Recently, some other local homeschoolers and I have been talking about the way we teach math.  For many kids, their aversion to math, quite frankly, has come from the way they are taught math.  I don't need my kids to be math geniuses or even share my love of the subject, but I do want them to be able to experience it as more than just a set of tasks to complete or skills to master.  I am one who cringes sometimes at the question, "When will we ever use this?"  To me, learning isn't just utilitarian; some things just help grow your mind, and I want my kids (in all areas) to love learning just for the joy of learning and not always needing it to be "for" something (a set of standards or exams or job preparation, etc.).
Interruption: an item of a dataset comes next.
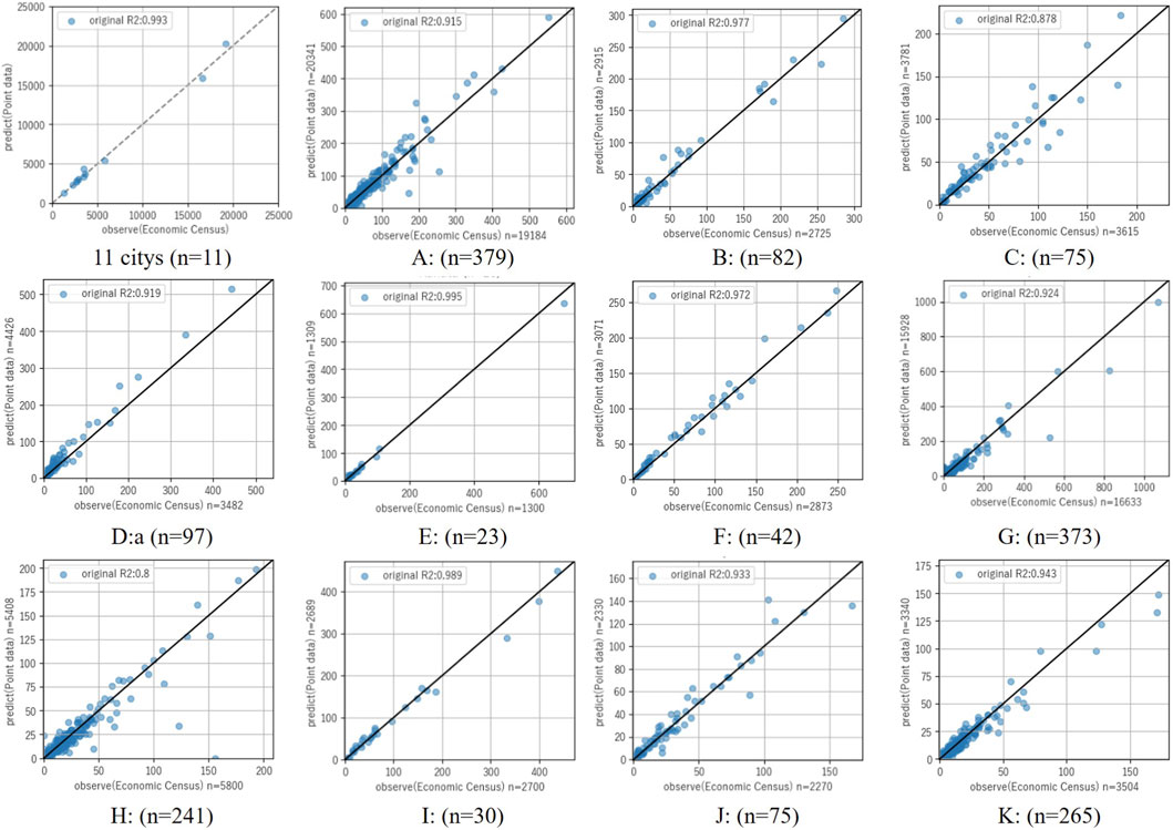 Figure 4 shows the results of comparing the number of establishments based on the establishment statistics (Ministry of Internal Affairs and Communications, 2014) and building point data, aggregated by administrative division, for the 11 regions. The R2 values were evaluated to be high, ranging from 0.800 to 0.995 for all the regions, indicating that the establishment distribution was accurately captured.

That is one of the joys I am finding and learning to embrace with homeschooling.  Sometimes I still get anxious about whether my son's measurable achievement is where it should be (or, if we're being honest, I usually get anxious about whether it is ABOVE where it should be), but when I'm able to let go of that and embrace the freedom we have in this season of life with homeschooling, I love the explorations and deeper learning that we are able to engage.
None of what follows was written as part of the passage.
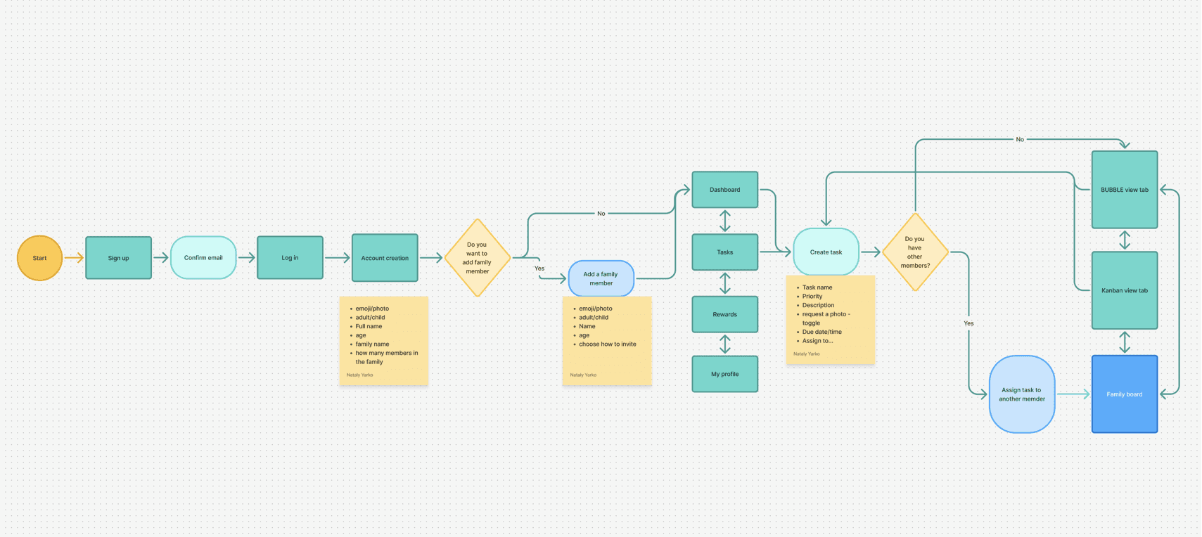 Before touching Figma, I mapped the full user flow with decision points and data requirements. Two questions shaped the entire architecture: whether you're setting up alone or as a family, and whether a task belongs to you or someone else. Those two branches determined every screen that followed — including the two view modes, bubble and Kanban, that emerged naturally from the logic rather than being designed in advance.

I had chosen a curriculum for math this year that seemed pretty good.  I wasn't too concerned about it being the "best" because it is a comfortable subject for me to teach and supplement.  But, as we started with the year, I found myself feeling pressured to use the book and felt really unsatisfied with the direction it was taking our math time.  In some attempts to balance, we are still pulling it out some, but I am now scrambling a bit to really put the effort and time and thought into teaching and exploring math the way I would like my son to experience it.  So, we're still getting our feet under us with some new routines, and I'm still working out a lot of it, but I'll try to post a few things as we try them.

Here is one of the first that I took pictures of.  I was inspired by this post from moebiusnoodles (and this follow-up one as well).  If you haven't ever been to that site, I cannot recommend it highly enough!  There is so much brilliance there to help rethink math education and to inspire math learning!
Anyway, there was a recommended picture book that we don't have access to, but I decided to go ahead and just do a simple activity without it.  The idea behind it is to see everyday objects as sets, or collections of objects.  To me, it engages the idea of addition beyond just an algorithm as well.  They have lots of great examples that people have submitted on there.  Being that my son is only 6, we were keeping it in a tangible mode, so I set out pairs of objects, one pair at a time to discuss them.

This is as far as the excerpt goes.